> [Extracted records]
+ + + + + + +

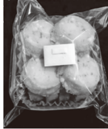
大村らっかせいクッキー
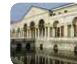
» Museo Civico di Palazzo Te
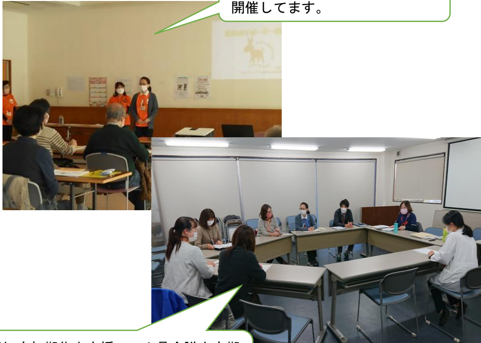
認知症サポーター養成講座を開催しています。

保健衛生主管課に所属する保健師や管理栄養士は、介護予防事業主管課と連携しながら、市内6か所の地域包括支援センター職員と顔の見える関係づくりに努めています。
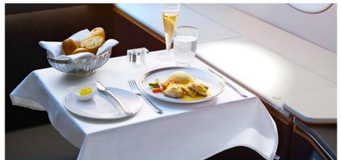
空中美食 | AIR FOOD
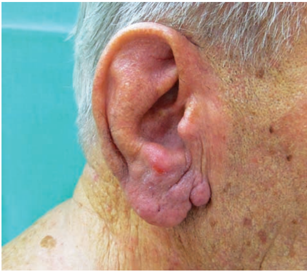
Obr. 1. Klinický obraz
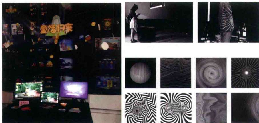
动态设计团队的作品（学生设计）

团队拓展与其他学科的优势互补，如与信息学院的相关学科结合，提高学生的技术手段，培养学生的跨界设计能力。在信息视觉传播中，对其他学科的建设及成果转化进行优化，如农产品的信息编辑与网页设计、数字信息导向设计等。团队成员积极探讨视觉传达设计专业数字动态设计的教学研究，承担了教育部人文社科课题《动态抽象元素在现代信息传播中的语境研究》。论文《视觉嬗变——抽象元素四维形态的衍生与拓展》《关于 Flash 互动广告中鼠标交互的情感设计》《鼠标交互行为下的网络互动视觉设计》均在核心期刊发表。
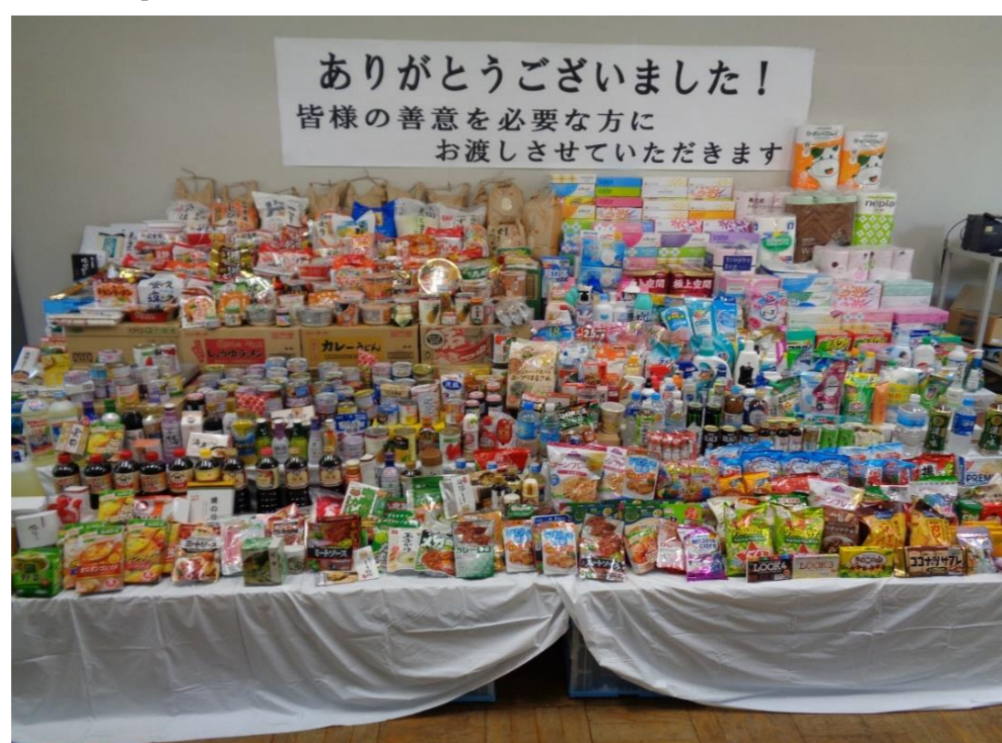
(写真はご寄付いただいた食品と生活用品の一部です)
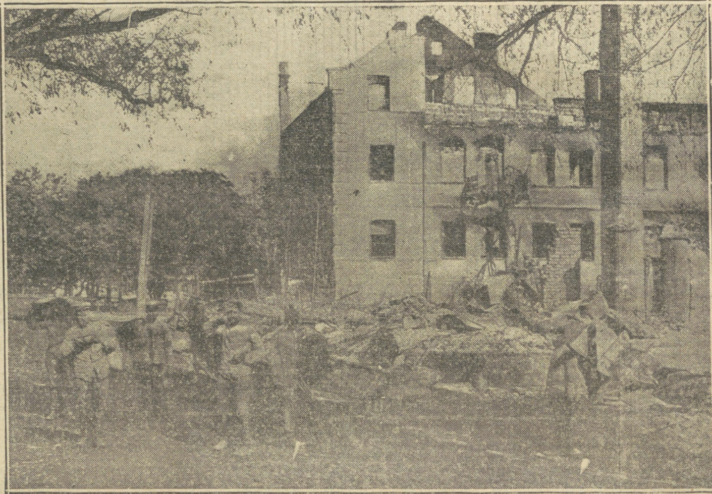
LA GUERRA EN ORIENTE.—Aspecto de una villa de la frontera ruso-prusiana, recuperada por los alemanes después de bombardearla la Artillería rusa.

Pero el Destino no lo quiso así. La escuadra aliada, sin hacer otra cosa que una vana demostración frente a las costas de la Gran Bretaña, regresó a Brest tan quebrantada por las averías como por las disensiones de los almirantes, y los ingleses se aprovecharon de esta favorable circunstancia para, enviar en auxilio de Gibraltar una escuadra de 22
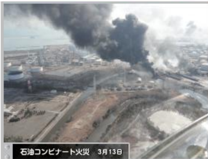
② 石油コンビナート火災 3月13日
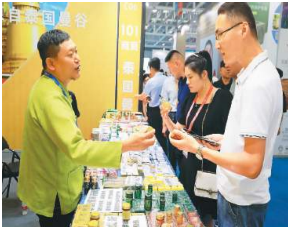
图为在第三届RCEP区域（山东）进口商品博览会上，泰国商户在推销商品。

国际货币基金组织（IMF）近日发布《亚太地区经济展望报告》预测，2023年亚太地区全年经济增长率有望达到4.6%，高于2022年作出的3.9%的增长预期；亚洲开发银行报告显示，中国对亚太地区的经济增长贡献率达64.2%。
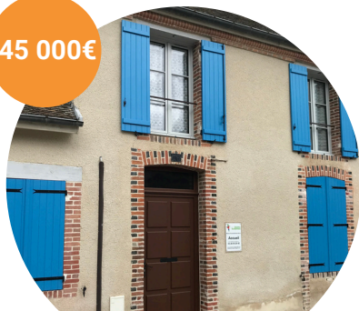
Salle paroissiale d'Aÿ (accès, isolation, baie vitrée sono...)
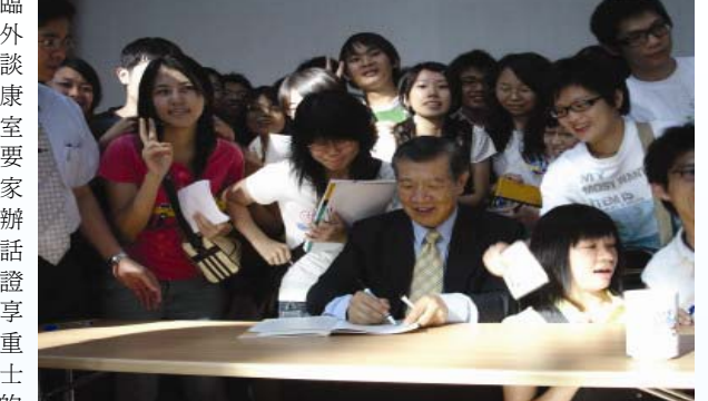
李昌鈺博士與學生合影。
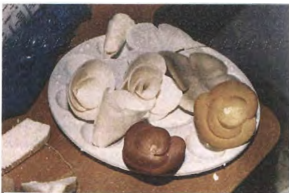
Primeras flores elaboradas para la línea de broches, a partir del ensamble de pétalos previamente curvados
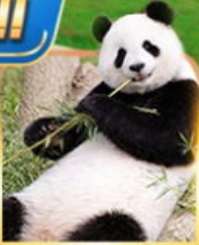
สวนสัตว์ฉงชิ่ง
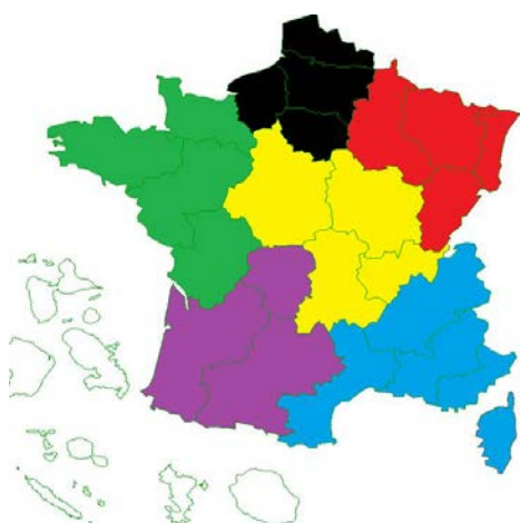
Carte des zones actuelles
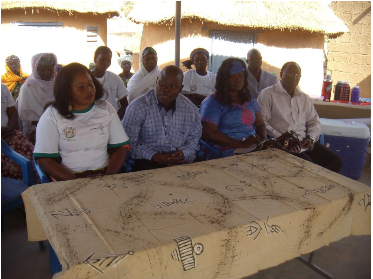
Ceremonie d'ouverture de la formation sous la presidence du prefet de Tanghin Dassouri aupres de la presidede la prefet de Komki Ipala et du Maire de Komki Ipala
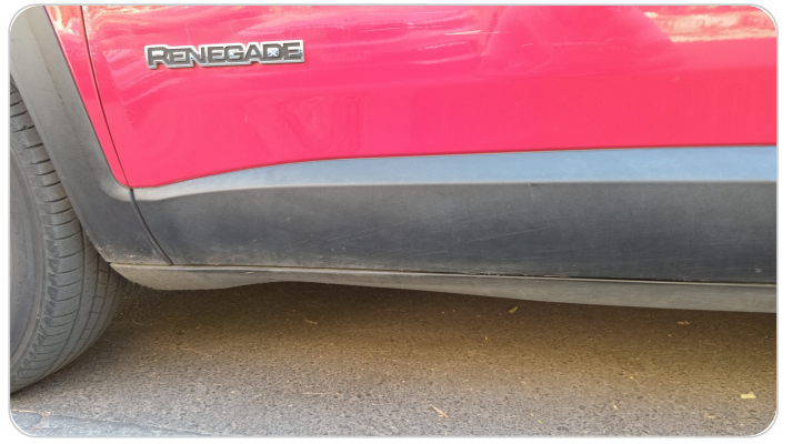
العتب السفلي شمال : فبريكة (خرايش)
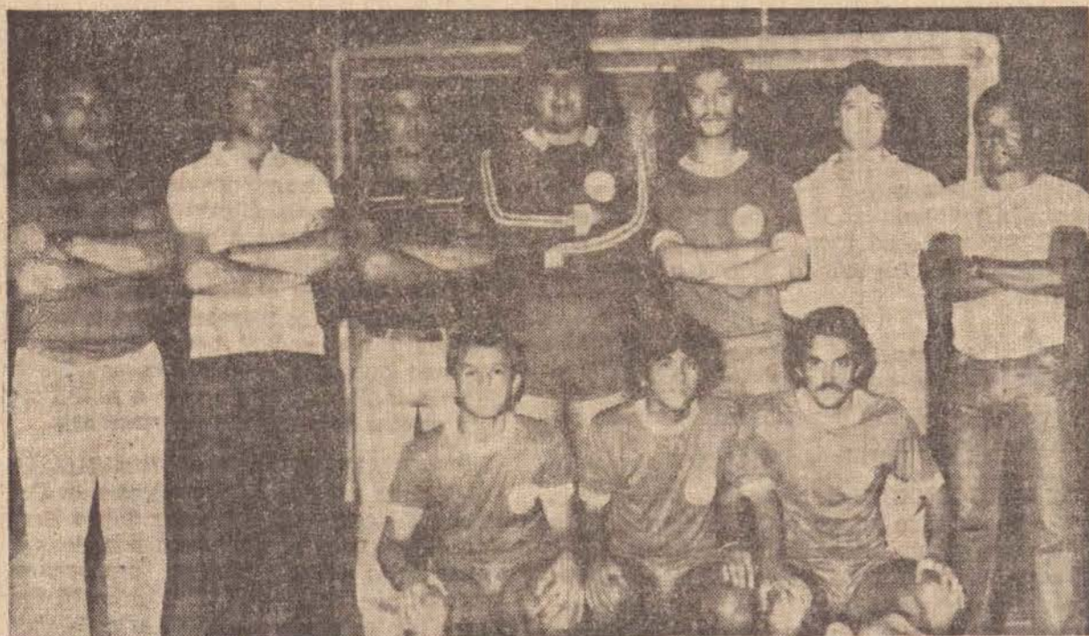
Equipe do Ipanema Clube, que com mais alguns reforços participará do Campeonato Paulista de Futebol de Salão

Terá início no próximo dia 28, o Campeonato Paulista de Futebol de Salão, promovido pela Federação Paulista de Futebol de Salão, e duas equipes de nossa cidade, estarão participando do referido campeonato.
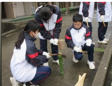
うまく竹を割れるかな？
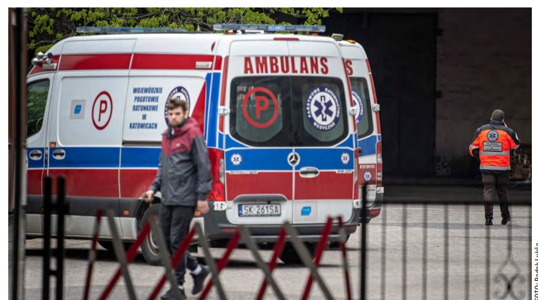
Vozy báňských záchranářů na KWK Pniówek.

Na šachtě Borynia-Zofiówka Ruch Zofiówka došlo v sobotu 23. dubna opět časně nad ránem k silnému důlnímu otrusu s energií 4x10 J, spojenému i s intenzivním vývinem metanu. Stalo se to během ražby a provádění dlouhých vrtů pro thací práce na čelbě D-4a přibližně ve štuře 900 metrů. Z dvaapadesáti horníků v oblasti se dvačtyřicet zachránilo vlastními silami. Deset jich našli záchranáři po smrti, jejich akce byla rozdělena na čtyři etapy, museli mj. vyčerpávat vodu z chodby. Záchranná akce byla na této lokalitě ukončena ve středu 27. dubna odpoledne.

+ + + + + + +

> [EXERCISE DIRECTIONS]
The entries are to be written out again exactly, without their pictures.

> [TASK RESULT]
大村らっかせいクッキー
» Museo Civico di Palazzo Te
認知症サポーター養成講座を開催しています。

保健衛生主管課に所属する保健師や管理栄養士は、介護予防事業主管課と連携しながら、市内6か所の地域包括支援センター職員と顔の見える関係づくりに努めています。
空中美食 | AIR FOOD
Obr. 1. Klinický obraz
动态设计团队的作品（学生设计）

团队拓展与其他学科的优势互补，如与信息学院的相关学科结合，提高学生的技术手段，培养学生的跨界设计能力。在信息视觉传播中，对其他学科的建设及成果转化进行优化，如农产品的信息编辑与网页设计、数字信息导向设计等。团队成员积极探讨视觉传达设计专业数字动态设计的教学研究，承担了教育部人文社科课题《动态抽象元素在现代信息传播中的语境研究》。论文《视觉嬗变——抽象元素四维形态的衍生与拓展》《关于 Flash 互动广告中鼠标交互的情感设计》《鼠标交互行为下的网络互动视觉设计》均在核心期刊发表。
(写真はご寄付いただいた食品と生活用品の一部です)
LA GUERRA EN ORIENTE.—Aspecto de una villa de la frontera ruso-prusiana, recuperada por los alemanes después de bombardearla la Artillería rusa.

Pero el Destino no lo quiso así. La escuadra aliada, sin hacer otra cosa que una vana demostración frente a las costas de la Gran Bretaña, regresó a Brest tan quebrantada por las averías como por las disensiones de los almirantes, y los ingleses se aprovecharon de esta favorable circunstancia para, enviar en auxilio de Gibraltar una escuadra de 22
② 石油コンビナート火災 3月13日
图为在第三届RCEP区域（山东）进口商品博览会上，泰国商户在推销商品。

国际货币基金组织（IMF）近日发布《亚太地区经济展望报告》预测，2023年亚太地区全年经济增长率有望达到4.6%，高于2022年作出的3.9%的增长预期；亚洲开发银行报告显示，中国对亚太地区的经济增长贡献率达64.2%。
Salle paroissiale d'Aÿ (accès, isolation, baie vitrée sono...)
李昌鈺博士與學生合影。
Primeras flores elaboradas para la línea de broches, a partir del ensamble de pétalos previamente curvados
สวนสัตว์ฉงชิ่ง
Carte des zones actuelles
Ceremonie d'ouverture de la formation sous la presidence du prefet de Tanghin Dassouri aupres de la presidede la prefet de Komki Ipala et du Maire de Komki Ipala
العتب السفلي شمال : فبريكة (خرايش)
Equipe do Ipanema Clube, que com mais alguns reforços participará do Campeonato Paulista de Futebol de Salão

Terá início no próximo dia 28, o Campeonato Paulista de Futebol de Salão, promovido pela Federação Paulista de Futebol de Salão, e duas equipes de nossa cidade, estarão participando do referido campeonato.
うまく竹を割れるかな？
Vozy báňských záchranářů na KWK Pniówek.

Na šachtě Borynia-Zofiówka Ruch Zofiówka došlo v sobotu 23. dubna opět časně nad ránem k silnému důlnímu otrusu s energií 4x10 J, spojenému i s intenzivním vývinem metanu. Stalo se to během ražby a provádění dlouhých vrtů pro thací práce na čelbě D-4a přibližně ve štuře 900 metrů. Z dvaapadesáti horníků v oblasti se dvačtyřicet zachránilo vlastními silami. Deset jich našli záchranáři po smrti, jejich akce byla rozdělena na čtyři etapy, museli mj. vyčerpávat vodu z chodby. Záchranná akce byla na této lokalitě ukončena ve středu 27. dubna odpoledne.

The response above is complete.